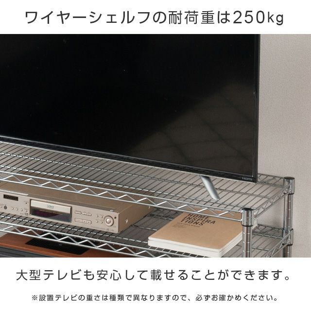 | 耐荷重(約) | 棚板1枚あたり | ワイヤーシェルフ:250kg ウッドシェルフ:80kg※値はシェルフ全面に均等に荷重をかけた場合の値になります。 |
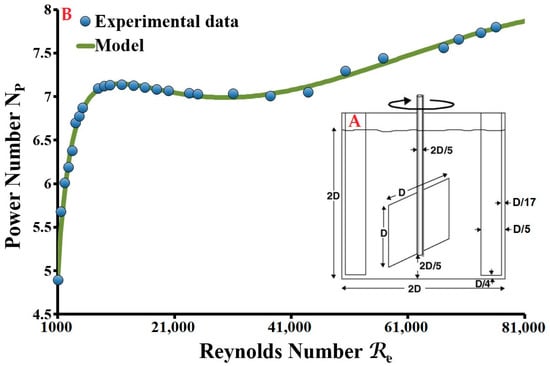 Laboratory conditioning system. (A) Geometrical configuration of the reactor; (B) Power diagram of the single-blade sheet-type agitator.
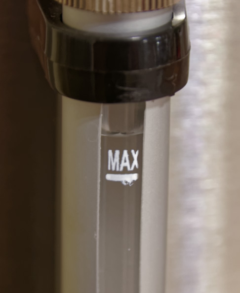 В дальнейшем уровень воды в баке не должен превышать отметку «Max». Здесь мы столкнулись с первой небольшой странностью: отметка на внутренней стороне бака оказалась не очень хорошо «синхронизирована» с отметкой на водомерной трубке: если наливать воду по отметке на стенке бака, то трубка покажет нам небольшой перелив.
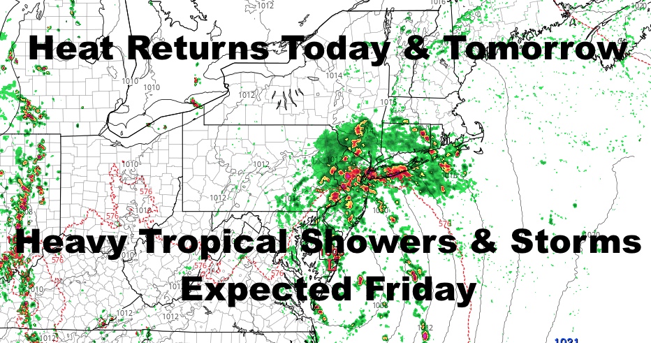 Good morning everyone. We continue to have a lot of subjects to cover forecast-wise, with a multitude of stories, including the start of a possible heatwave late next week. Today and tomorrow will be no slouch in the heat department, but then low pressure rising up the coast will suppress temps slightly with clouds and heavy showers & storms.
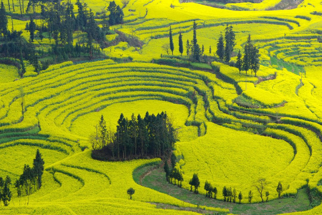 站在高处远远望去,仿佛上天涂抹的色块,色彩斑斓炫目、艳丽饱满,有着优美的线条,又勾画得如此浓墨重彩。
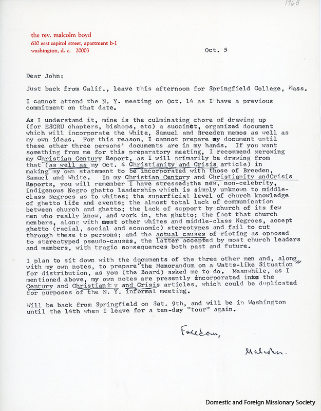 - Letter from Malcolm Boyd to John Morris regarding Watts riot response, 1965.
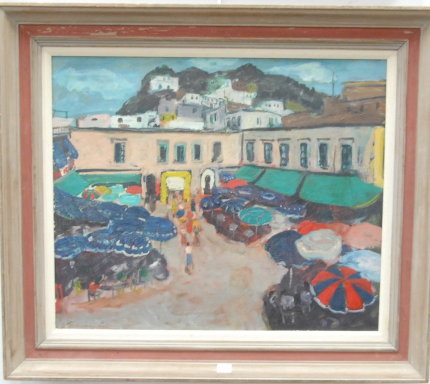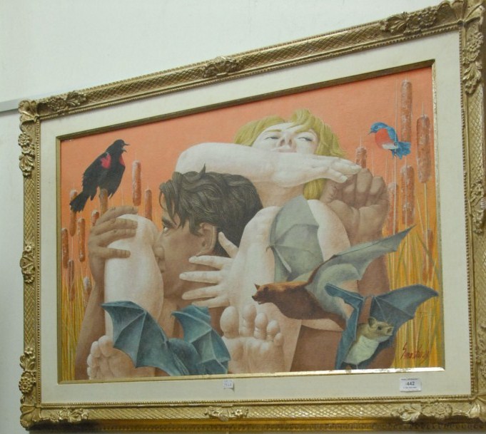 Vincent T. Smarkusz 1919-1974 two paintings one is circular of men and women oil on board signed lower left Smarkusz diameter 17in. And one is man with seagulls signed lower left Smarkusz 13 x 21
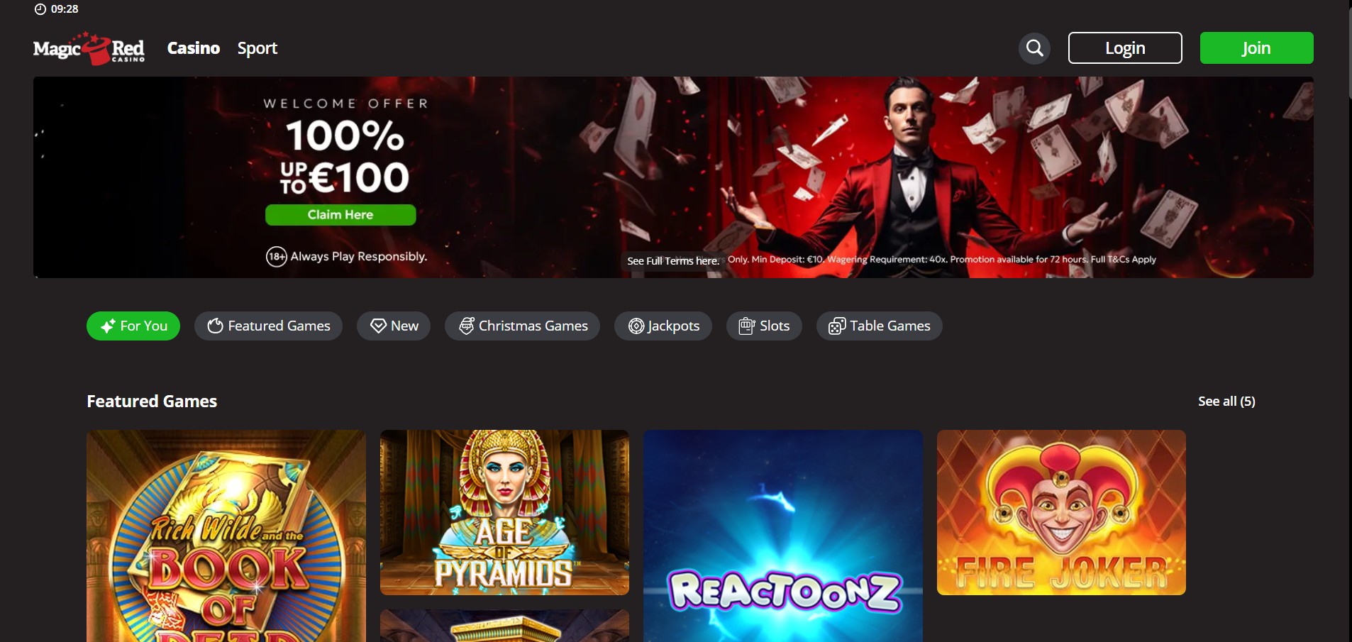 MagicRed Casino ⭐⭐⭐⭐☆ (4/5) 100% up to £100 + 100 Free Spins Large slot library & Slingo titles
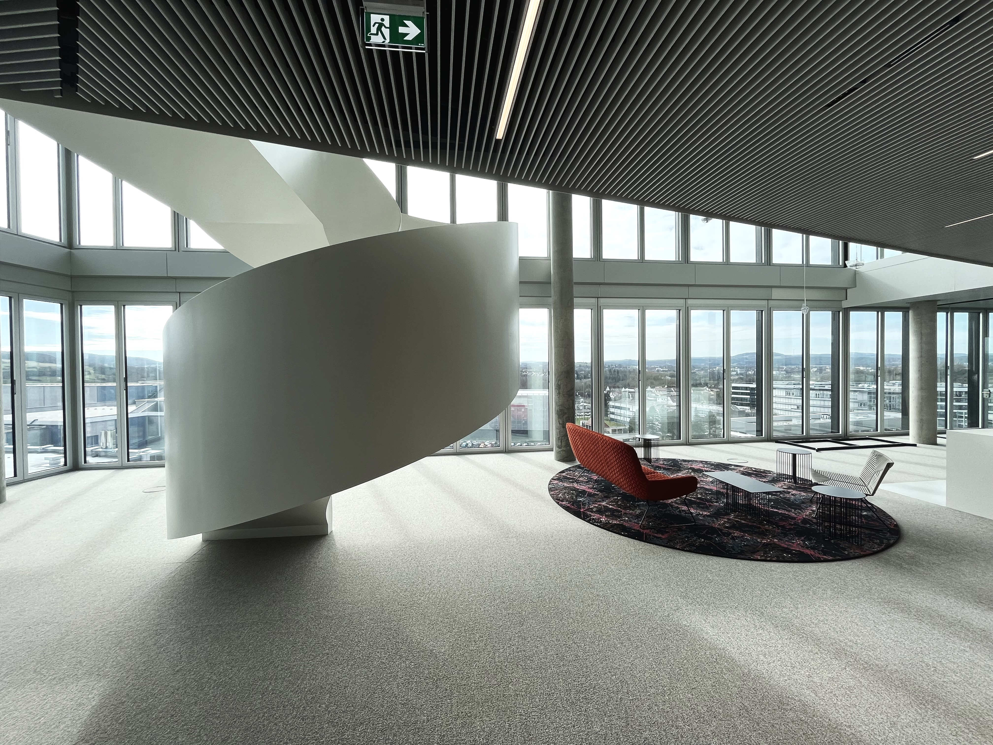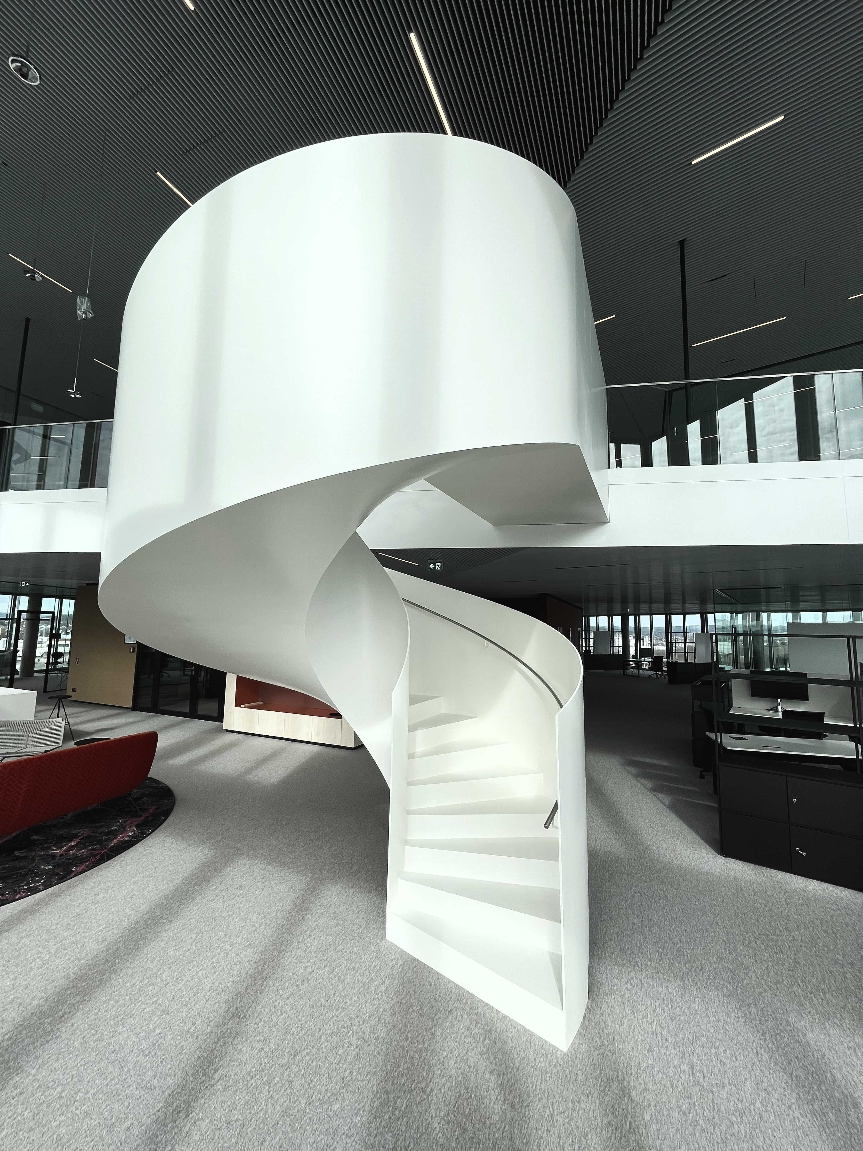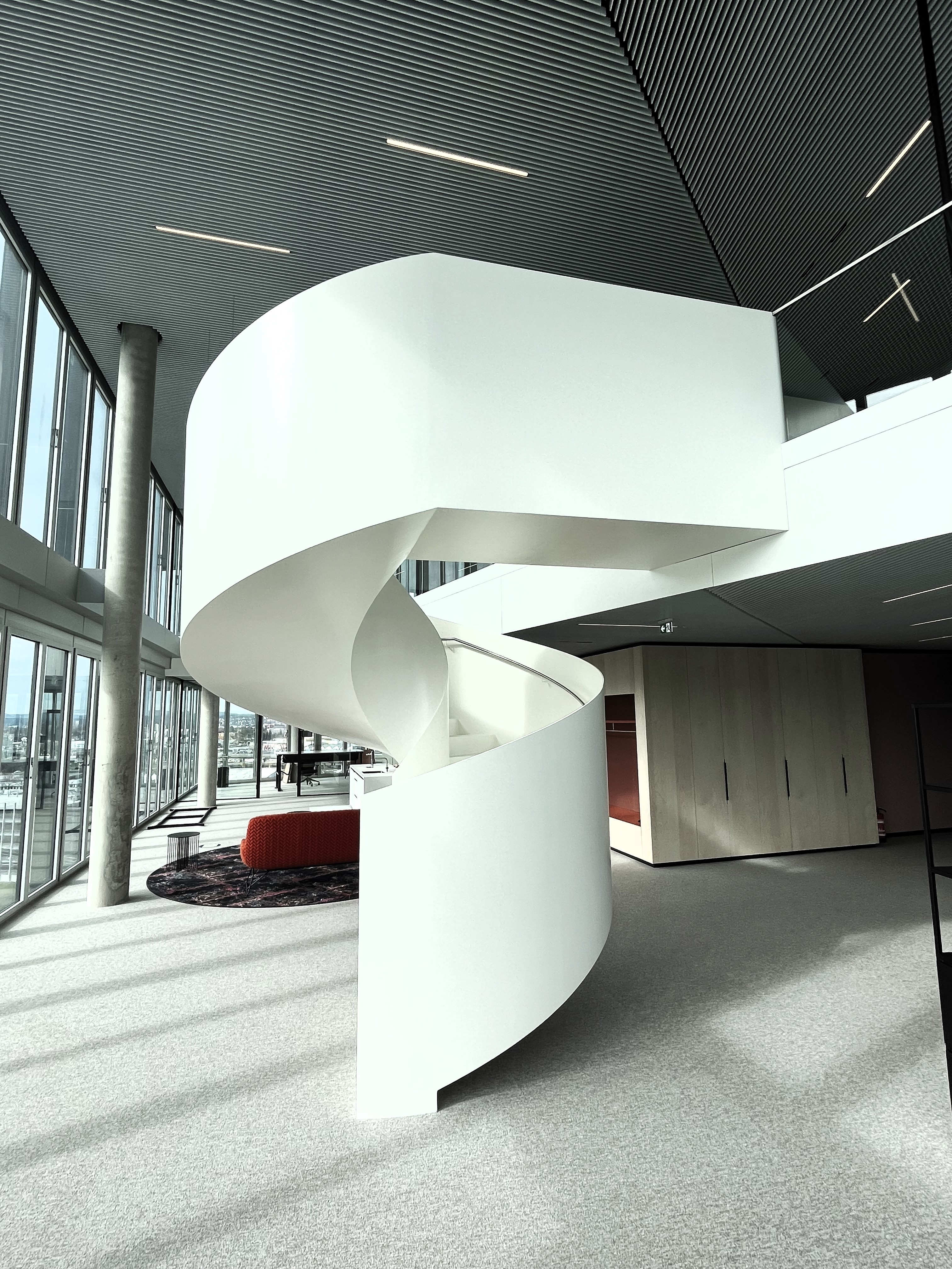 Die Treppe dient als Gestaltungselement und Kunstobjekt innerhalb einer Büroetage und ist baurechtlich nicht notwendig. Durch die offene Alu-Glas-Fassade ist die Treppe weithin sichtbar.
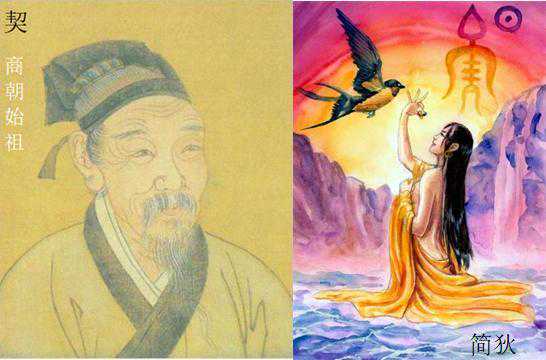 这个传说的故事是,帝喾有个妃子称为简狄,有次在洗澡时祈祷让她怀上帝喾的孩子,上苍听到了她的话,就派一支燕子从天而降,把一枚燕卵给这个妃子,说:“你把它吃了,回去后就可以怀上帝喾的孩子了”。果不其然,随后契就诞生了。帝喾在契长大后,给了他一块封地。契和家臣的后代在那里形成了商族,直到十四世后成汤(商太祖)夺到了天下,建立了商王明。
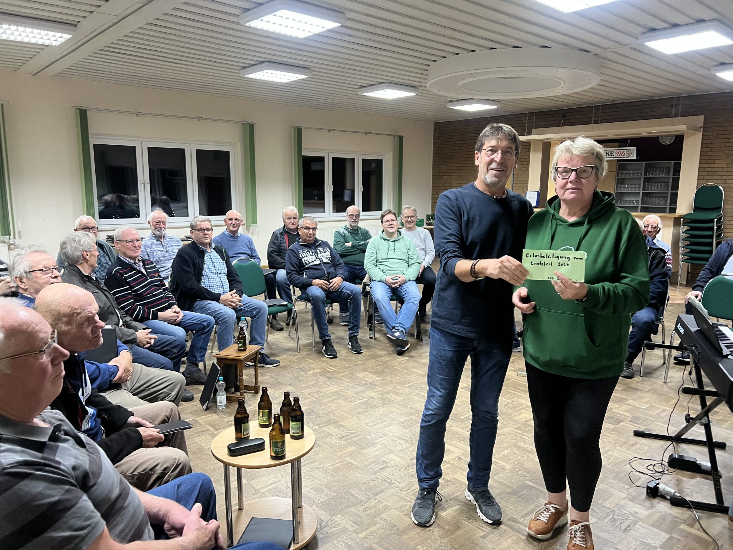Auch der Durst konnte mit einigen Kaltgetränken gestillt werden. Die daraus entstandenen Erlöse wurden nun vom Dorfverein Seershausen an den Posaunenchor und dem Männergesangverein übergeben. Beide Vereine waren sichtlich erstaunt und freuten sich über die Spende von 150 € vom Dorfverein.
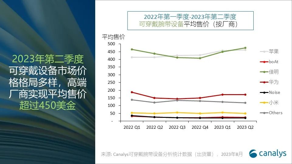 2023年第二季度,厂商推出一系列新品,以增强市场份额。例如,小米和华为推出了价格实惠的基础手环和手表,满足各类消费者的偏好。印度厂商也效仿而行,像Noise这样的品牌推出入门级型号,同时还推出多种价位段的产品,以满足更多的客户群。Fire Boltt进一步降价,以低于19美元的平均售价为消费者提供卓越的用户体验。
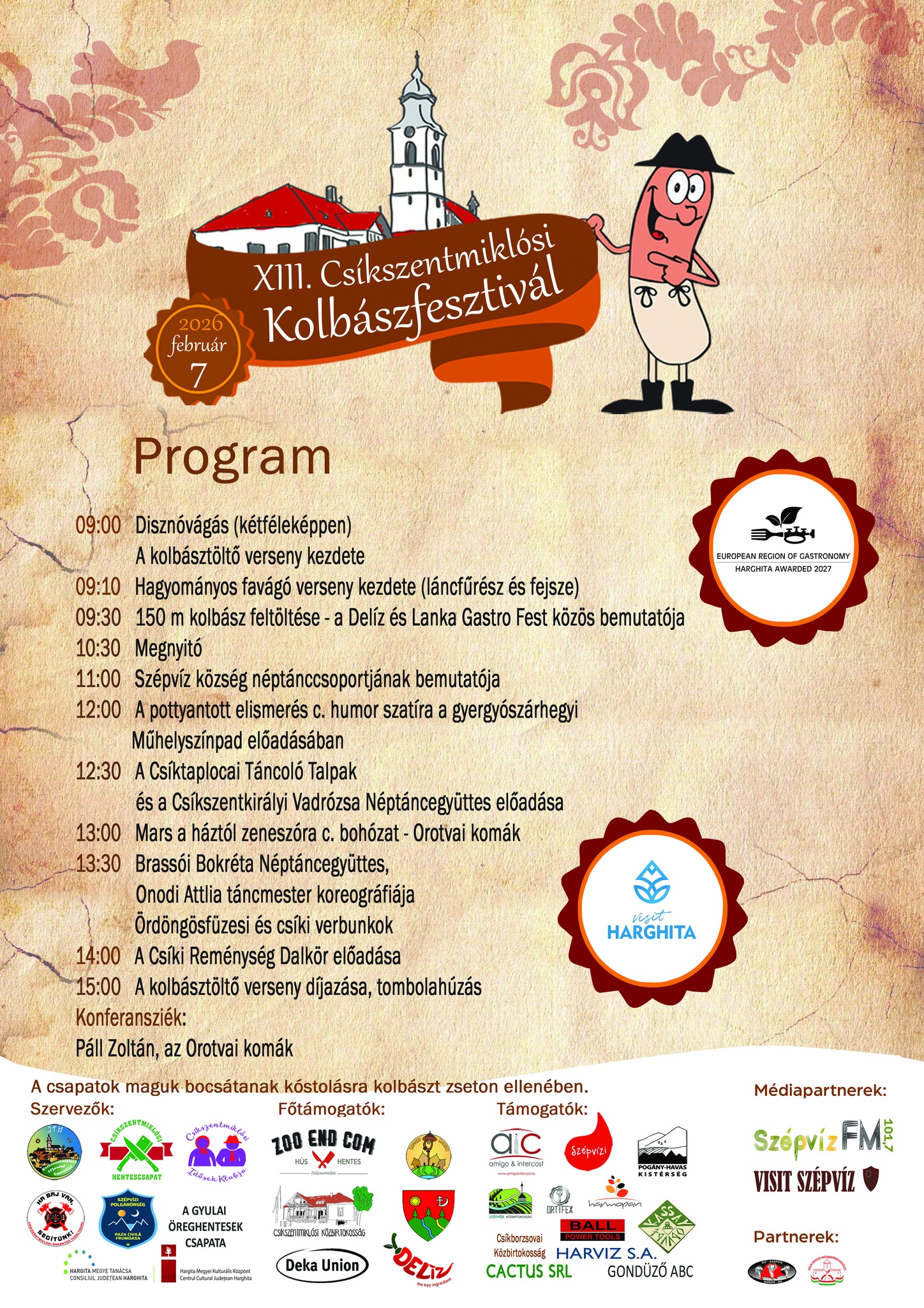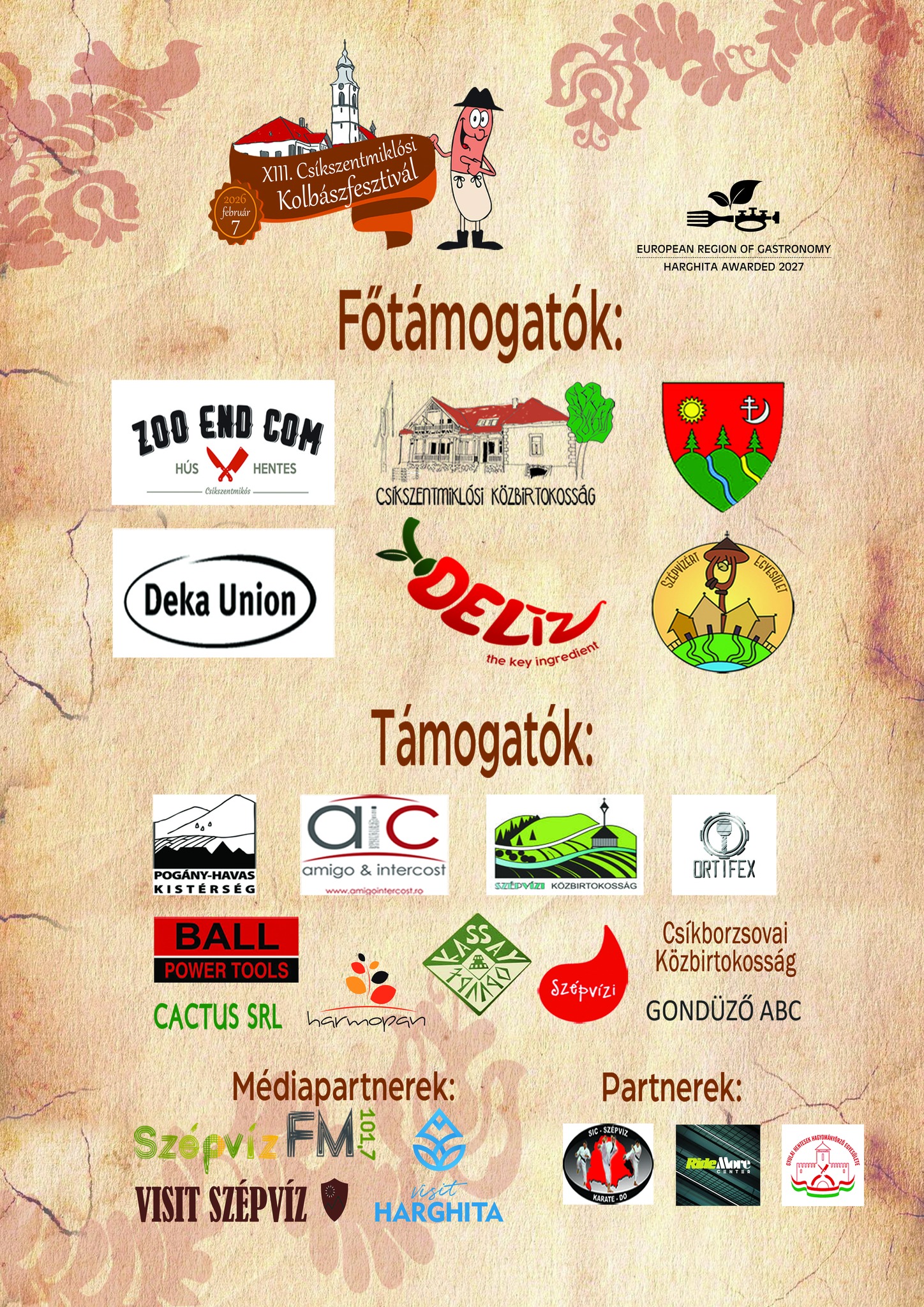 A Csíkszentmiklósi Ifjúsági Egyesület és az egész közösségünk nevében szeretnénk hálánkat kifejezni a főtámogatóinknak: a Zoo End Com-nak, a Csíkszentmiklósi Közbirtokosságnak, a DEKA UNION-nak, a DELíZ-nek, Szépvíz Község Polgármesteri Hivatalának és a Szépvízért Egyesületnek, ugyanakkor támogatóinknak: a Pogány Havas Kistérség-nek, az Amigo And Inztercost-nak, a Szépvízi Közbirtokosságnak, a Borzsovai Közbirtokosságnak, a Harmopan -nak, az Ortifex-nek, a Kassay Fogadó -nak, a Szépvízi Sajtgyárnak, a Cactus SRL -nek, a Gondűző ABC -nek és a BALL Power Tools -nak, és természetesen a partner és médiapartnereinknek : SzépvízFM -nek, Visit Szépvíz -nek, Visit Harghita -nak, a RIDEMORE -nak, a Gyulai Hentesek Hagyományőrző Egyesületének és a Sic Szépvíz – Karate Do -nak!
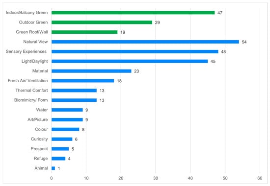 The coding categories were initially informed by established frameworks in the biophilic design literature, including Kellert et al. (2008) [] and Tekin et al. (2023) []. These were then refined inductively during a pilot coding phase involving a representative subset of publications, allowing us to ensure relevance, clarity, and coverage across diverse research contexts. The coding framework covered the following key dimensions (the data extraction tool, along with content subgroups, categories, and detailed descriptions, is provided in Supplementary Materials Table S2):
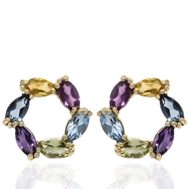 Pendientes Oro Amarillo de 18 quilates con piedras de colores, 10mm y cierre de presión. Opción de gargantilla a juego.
##############################
- [Problem to solve]:
Quote the records above exactly, from the first line through the line containing "MagicRed Casino ⭐⭐⭐⭐☆", and leave out the pictures.

- [Exercise solution]:
 | 耐荷重(約) | 棚板1枚あたり | ワイヤーシェルフ:250kg ウッドシェルフ:80kg※値はシェルフ全面に均等に荷重をかけた場合の値になります。 |
 Laboratory conditioning system. (A) Geometrical configuration of the reactor; (B) Power diagram of the single-blade sheet-type agitator.
 В дальнейшем уровень воды в баке не должен превышать отметку «Max». Здесь мы столкнулись с первой небольшой странностью: отметка на внутренней стороне бака оказалась не очень хорошо «синхронизирована» с отметкой на водомерной трубке: если наливать воду по отметке на стенке бака, то трубка покажет нам небольшой перелив.
 Good morning everyone. We continue to have a lot of subjects to cover forecast-wise, with a multitude of stories, including the start of a possible heatwave late next week. Today and tomorrow will be no slouch in the heat department, but then low pressure rising up the coast will suppress temps slightly with clouds and heavy showers & storms.
 站在高处远远望去,仿佛上天涂抹的色块,色彩斑斓炫目、艳丽饱满,有着优美的线条,又勾画得如此浓墨重彩。
 - Letter from Malcolm Boyd to John Morris regarding Watts riot response, 1965.
 Vincent T. Smarkusz 1919-1974 two paintings one is circular of men and women oil on board signed lower left Smarkusz diameter 17in. And one is man with seagulls signed lower left Smarkusz 13 x 21
 MagicRed Casino ⭐⭐⭐⭐☆ (4/5) 100% up to £100 + 100 Free Spins Large slot library & Slingo titles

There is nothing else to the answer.